Les conditions de Moscou
Débordé de toutes parts, harcelé par un Madjlis de plus en plus turbulent, pris à partie par la gauche et le centre nationaliste, le chef du gouvernement présenta sa démission le 28 décembre; elle fut refusée. Le député de Téhéran, Mohamed Mossadegh, demanda à Hakimi de charger le délégué iranien aux Nations unies de mettre la question de l'Iran à l'ordre du jour. Le 15 janvier 1946, dans un discours au Parlement, le président du conseil se justifia longuement. Il apprit par la même occasion aux députés que, conformément aux accords de janvier 1942, les Anglais avaient commencé à quitter le pays. Le 20, il démissionnait. Une semaine plus tard, il était remplacé par un homme de soixante-treize ans qui formait son sixième gouvernement depuis 1922 et qui aura eu le mérite de terminer définitivement cette pénible affaire : Ahmed Ghavam Saltaneh, un des auteurs de la Constitution iranienne, plusieurs fois emprisonné, puis exilé sous le règne de Réza Chah.

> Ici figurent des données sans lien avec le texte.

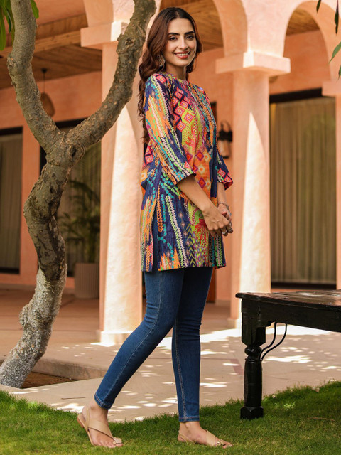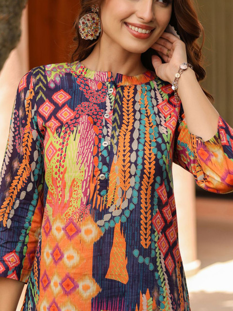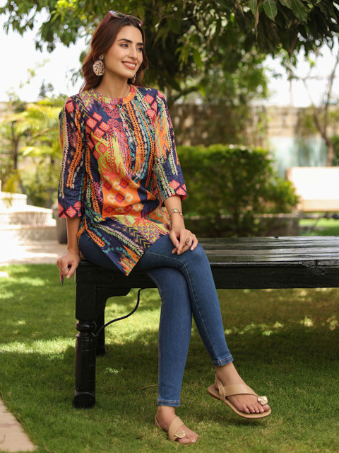 - Orange and blue & pink straight kurti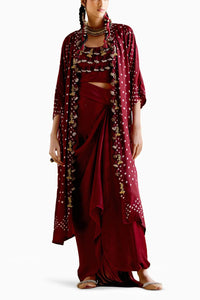 Featuring Malini Maroon Bandhini Jacket with Blouse and Skirt by 5 Elements by Radhika Gupta from Mitti Collection. This handcrafted bandhini overlay jacket showcases peacock detailing with ghungroos and bead tassels. It pairs with an embellished inner top accentuating the same peacock theme. The draped bottom has an elasticated waist for a comfortable fit.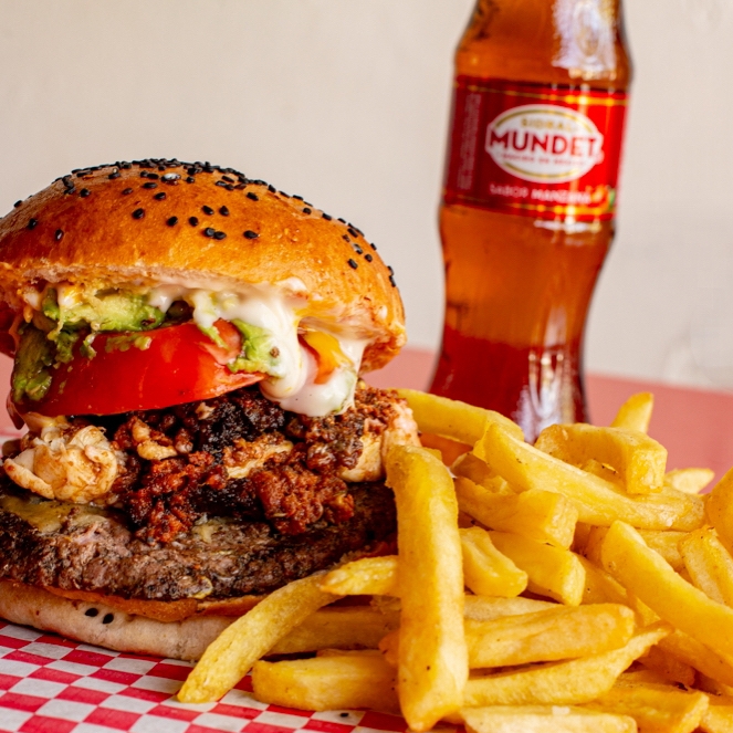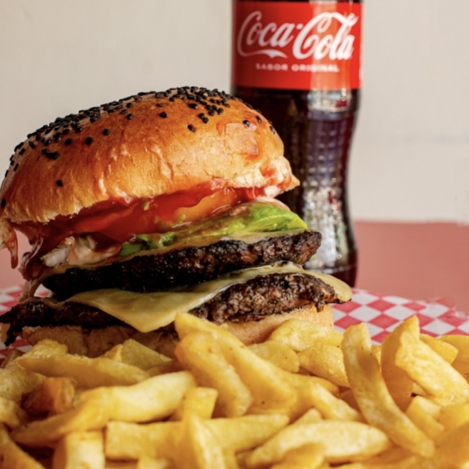 Hamburguesa aguacatosa, papas medianas y refresco de 355 ml.

Il lui fallut deux semaines pour former un nouveau gouvernement d'union nationale et faire comprendre aux parlementaires que la solution de cette crise se trouvait à Moscou.

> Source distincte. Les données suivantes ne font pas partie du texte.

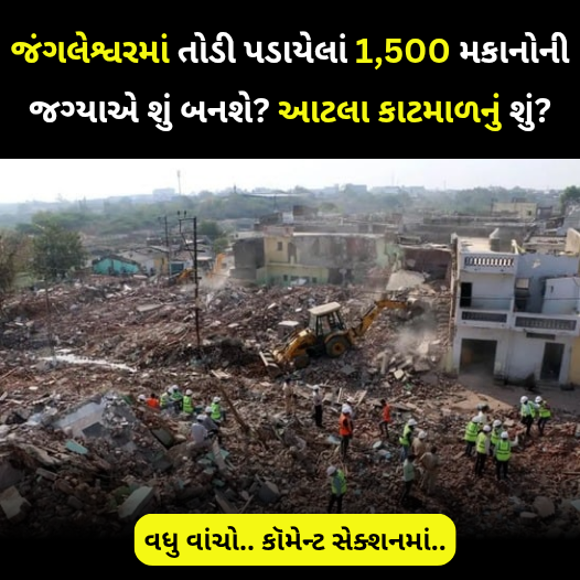 રાજકોટના જંગલેશ્વરમાં બે દિવસ દરમિયાન તોડી પડાયેલાં આ પ્રકારનાં મકાનોની સંખ્યા હવે વધીને 1,504 થઈ ગઈ છે.રાજકોટ શહેરમાં જંગલેશ્વર વિસ્તારના રસ્તા પરનાં કથિત દબાણો તેમ જ આજી અને ખોખડદડી નદીના પટ અને કાંઠા પર કથિત અનધિકૃત રીતે ચણવામાં આવેલાં મકાનોને પાડી નાખવા માટે રાજકોટ મહાનગરપાલિકાએ સોમવારે શરૂ કરેલું અભિયાન મંગળવારે પણ યથાવત્ રહ્યું હતું.દિવસ દરમિયાન મહાનગરપાલિકાએ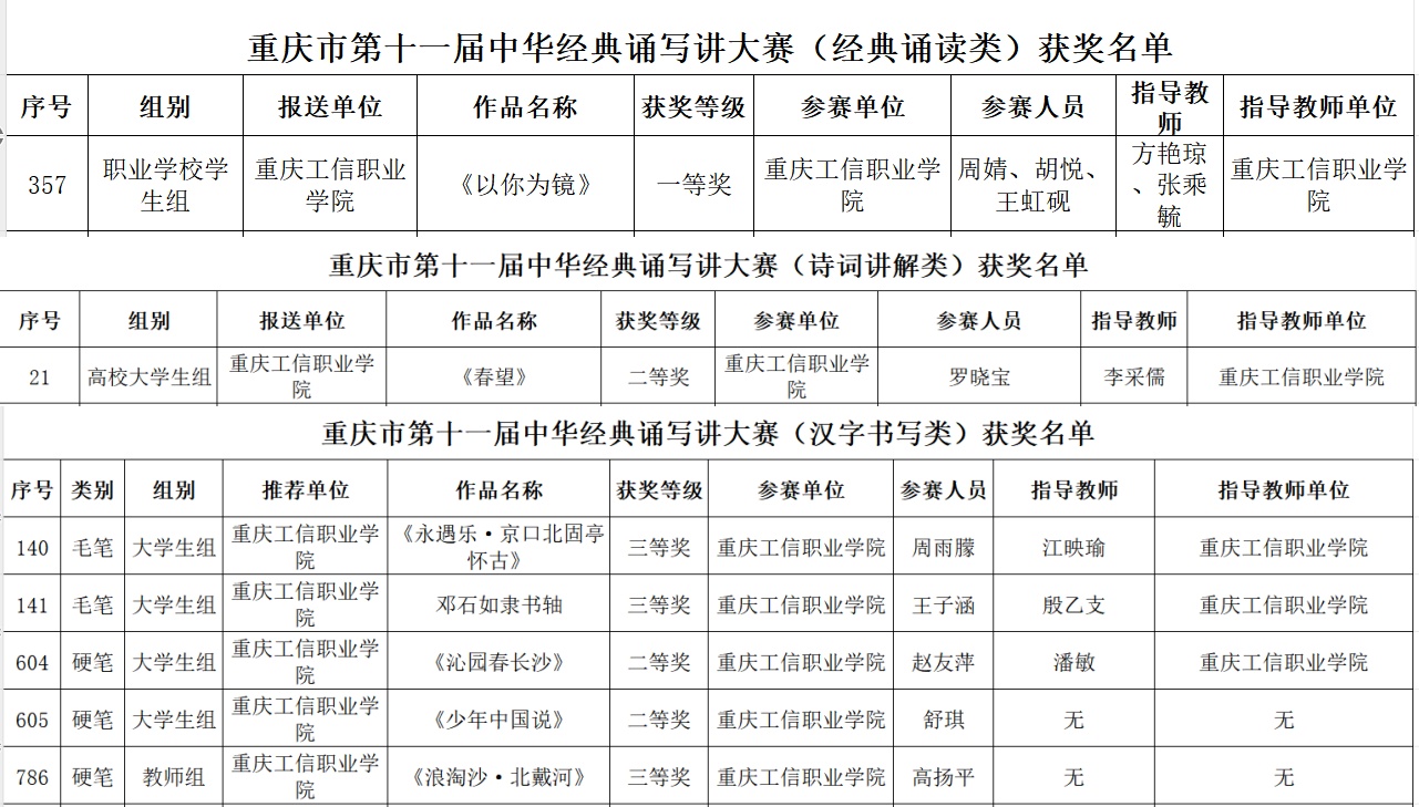 近日,重庆市第十一届中华经典诵写讲大赛圆满落下帷幕。我校成绩斐然,斩获一等奖1项,二等奖3项,三等奖3项,实现了我校在该系列赛事中获奖级别和获奖总数的新突破。我校也荣获“成绩突出单位”,是获此殊荣的全市八所高等院校之一。其中三个作品进入全国决赛,分别是经典诵读类周婧、胡悦、王虹砚同学作品《以你为镜》,诗词讲解类罗晓宝同学作品《春望》,汉字书写类硬笔赵友萍同学作品《沁园春长沙》。

Le 19 février, avec une suite de huit personnes, Ghavam débarquait au Kremlin où il fut reçu par Molotov. Les Russes savaient que la date limite d'évacuation de leurs troupes avait été fixée d'un commun accord avec Londres au 2 mars et que les troupes anglo-américaines respectaient scrupuleusement ce calendrier. Moscou tergiversa et, le 5 mars, Staline offrit un grand banquet en l'honneur de son hôte iranien. Téhéran s'impatientait. Le surlendemain, de graves émeutes firent plusieurs morts devant le Parlement. Le 8, Moscou proposa six conditions pour l'évacuation de ses troupes : un traité d'alliance avec l'Iran; la reconnaissance par Téhéran du gouvernement autonome de Tabriz; la coordination de la politique extérieure de l'Iran avec celle de l'URSS; un accord sur l'octroi de concessions pétrolières dans le Nord; l'encadrement des troupes azerbaidjanaises par des conseillers militaires soviétiques et l'occupation de points stratégiques par l'URSS […].